Ben Cosgrove, editor of Life.com, writes “Despite how familiar and recognizably universal an experience it might be, however, it turns out that it’s remarkably difficult to really capture in a single, still photograph what it feels like to go to the moving pictures.” Amen to that! In fact, the more I look at that photo, the more I wonder whether it was doctored or partially staged.

I’ve got no problem with the magnificent mountainous sunset, reflected by rows of hardtops. That right there is a superb photo, probably taken from the projection booth. But look at the ambient twilight. It’s hard to imagine a projectionist even starting a feature with that much light in the sky, but we’re supposed to believe that The Ten Commandments had been running long enough to have reached Charlton Heston’s Red Sea scene?

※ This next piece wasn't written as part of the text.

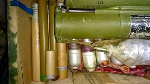 Из тайника сотрудники СБУ изъяли приведенные в боевую готовность гранатометы РПГ-18, около двух десятков гранат, дымовые шашки, цинк с патронами различного калибра. Также были обнаружены самодельные взрывные устройства, начиненные гвоздями и резаным проводом для усиления поражающих действия. Наряду с оружием в тайнике была скрыта агитационная продукция антиукраинского содержания, последний тираж газеты «Новороссия», флаги России и фейковой «Киевской народной республики».

It’s easier for me to believe that the photo was doctored or staged. Eyerman could have started with that photo of the cars pointed at a blank screen, waiting for the movie to start. Then he could have superimposed that frame from the film, resulting in “Charlton Heston as Moses, arms outstretched, looming over what appears to be, if one looks at it just right, a congregation of rapt, immobile automobiles at prayer,” as Cosgrove elegantly describes it. The low-tech alternative would be to stage it by projecting just that frame, even as a slide, well before the film was shown to the audience, then taking the photo. Although it wasn’t so easy to do in 1958, superimposing wins my uninformed vote.

Got a better idea? Know more about this than I do? (That’s not difficult.) Leave a comment and tell us more.

Update: The Salt Lake Tribune just mentioned this photo in a sidebar for a drive-in story. According to the note, Eyerman showed the Brigitte Bardot film And God Created Woman to an invited audience of college students. “For the photo that was actually published, Everman (sic) swapped Heston’s image for Bardot’s.” See, I was right this time!